Mr. Zhang proves two theorems to the students.
- Theorem $1$: A square pattern is a $4$-symmetric pattern if and only if it is both a $180$-degree symmetric pattern and an axis-symmetric pattern.
- Theorem $2$: A square pattern is an $8$-symmetric pattern if and only if it is both a $90$-degree symmetric pattern and an axis-symmetric pattern.
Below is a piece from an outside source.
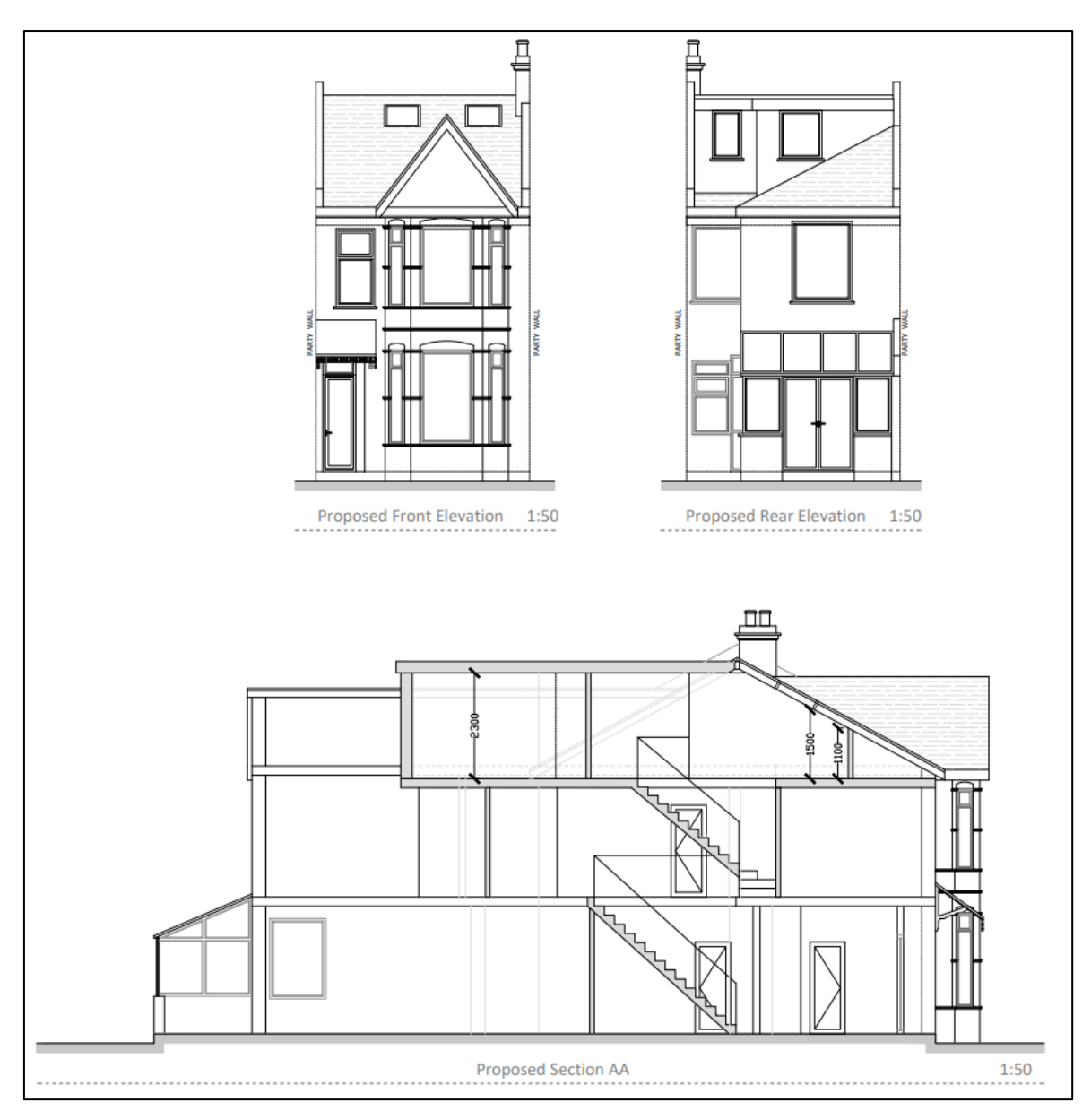
Figures 2 and 3 - Proposed Elevations and Plans

Finally, it is practice time. Mr. Zhang asks the students to find various symmetric patterns that appear inside a large square pattern. Please write a program to do this. Given a $01$ matrix, output the maximum side length of a contiguous square submatrix that satisfies, respectively, $8$-symmetry, $90$-degree symmetry, $4$-symmetry, $180$-degree symmetry, and axis symmetry. A contiguous square submatrix means a submatrix chosen by selecting several adjacent rows and columns, representing a small pattern appearing in the large pattern.
Input Format
The first line contains a positive integer $n$, the side length of the large square pattern. Then follow $n$ lines, each a $01$ string of length $n$.
Output Format
Output one line containing $5$ natural numbers separated by spaces, representing the maximum side length of a contiguous square submatrix appearing in the input that is, respectively, $8$-symmetric, $90$-degree symmetric, $4$-symmetric, $180$-degree symmetric, and axis-symmetric.
Explanation/Hint
#### Explanation of the Sample
The large pattern has a horizontal axis of symmetry. There is a $2\times 2$ $8$-symmetric pattern in the upper-left corner. The rightmost $3$ columns of the middle $3$ rows form a $4$-symmetric pattern.
---
#### Constraints
For $100\%$ of the testdata, $5\leq n\leq 500$.